INDEX_PAGE_SIZE — B+ tree page size¶
- Default 4096 bytes (matches typical page cache granularity).
- Valid range 1024–65536, must be power-of-2.
- Larger pages: fewer levels (faster descent), but more data read per page (wastes I/O on small scans).
- Smaller pages: more levels, more compact per-page.
Don't change without a specific reason and a benchmark to prove it. 4096 is a sweet spot on Linux x86_64.
Disk layout¶
- ext4 / xfs — both tested, both fine.
- SSD — strongly recommended. shard-db is I/O-bound on scans once beyond page cache.
- NVMe — helps for bulk loads; marginal for steady-state queries.
Don't use network filesystems (NFS, CIFS) for $DB_ROOT unless you deeply trust their mmap semantics.

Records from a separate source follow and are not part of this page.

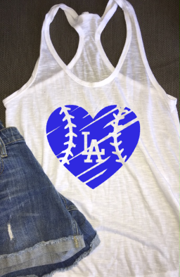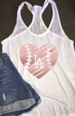 Women’s Cute White Racerback Tank Top with LA Dodgers Heart Baseball
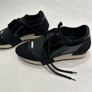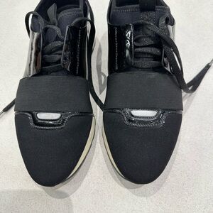 Preowned in good condition, no box. Size 7. Blk charcoal and textile. Discoloration on the white rubber ( please see the pictures).
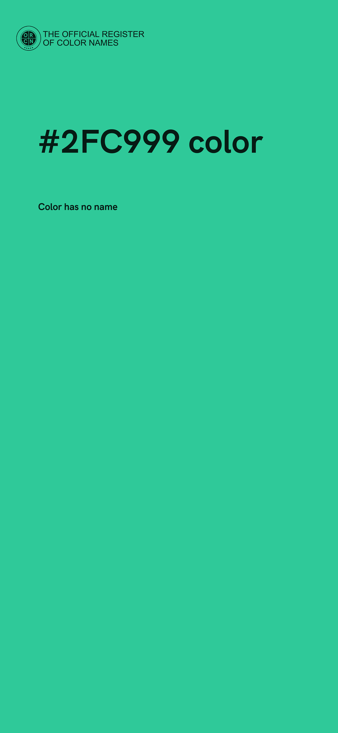 The digital color HEX #2FC999 belongs to the Spring Green Color Family featuring High Saturation (Saturation Family) and Light (Brightness Family).
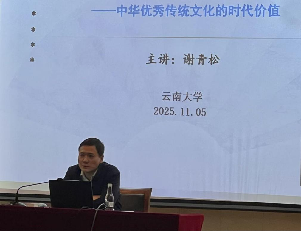 讲座中,云南大学文学院研究员、博士生导师、云南省国学研究会会长谢青松教授围绕中华优秀传统文化的时代价值层层递进,深入阐释理解、阐释与传播优秀传统文化对增强文化定力与自信的核心意义。他通过什么是经典?如何读经典?并结合儒道思想互补特性,从“进退自如、修己安人、穷通皆乐”三方面,探讨传统文化对个人生命品质、价值观的滋养及跨文化沟通中的独特作用。整场讲座紧扣学院培养国际中文教师、传播中华文化的核心使命,为师生呈现了一场兼具思想深度与实践意义的文化盛宴。
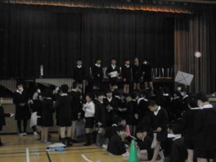 今日は、全学年の全児童で「田中小学校○×クイズ」を行いました。

Latency and coherence bugs compound.
Sizing splits (v2 / slotcask)¶
splits is the number of keyfile shards per object, fixed at create-object time and changeable only via vacuum --splits=N (re-hashes every key). In v2 the value-bearing data lives in append-only seg files that grow unbounded — splits no longer caps record count, only how the per-object keyfile is partitioned for parallel lookup.
What splits actually controls:
- Number of kf shards (
<obj>/kf/NNN.kf) — each a packed array of 24 B hash-table slots. - Number of idx shards per indexed field (
<obj>/indexes/<field>/NNN.idx) — capped byindex_splits_for(splits)(the curve insrc/db/types.h). - Read fan-out width for full scans / aggregates (work is parallel-for'd per kf shard).
What splits does not control:
- Total data size. Seg files (
<obj>/seg/<stream>/NNNN.seg) roll over atSLOTCASK_SEG_MAX_BYTESand accumulate without bound. A 100 GB object onsplits=8is fine on disk; the only question is whether the kf shards stay snappy.
The right value is driven by per-shard kf load (live + tombstoned slots), not records-per-shard in the v1 sense. Each kf shard auto-resplits in-place when its slot fill crosses 80 %, doubling capacity up to SLOTCASK_MAX_SLOTS_PER_SHARD = 16M slots. So a single kf shard tops out at ~12.8M live entries (16M × 80 %) and ~384 MB on disk — beyond that the next insert refuses and the operator must vacuum --splits=N to widen the keyspace.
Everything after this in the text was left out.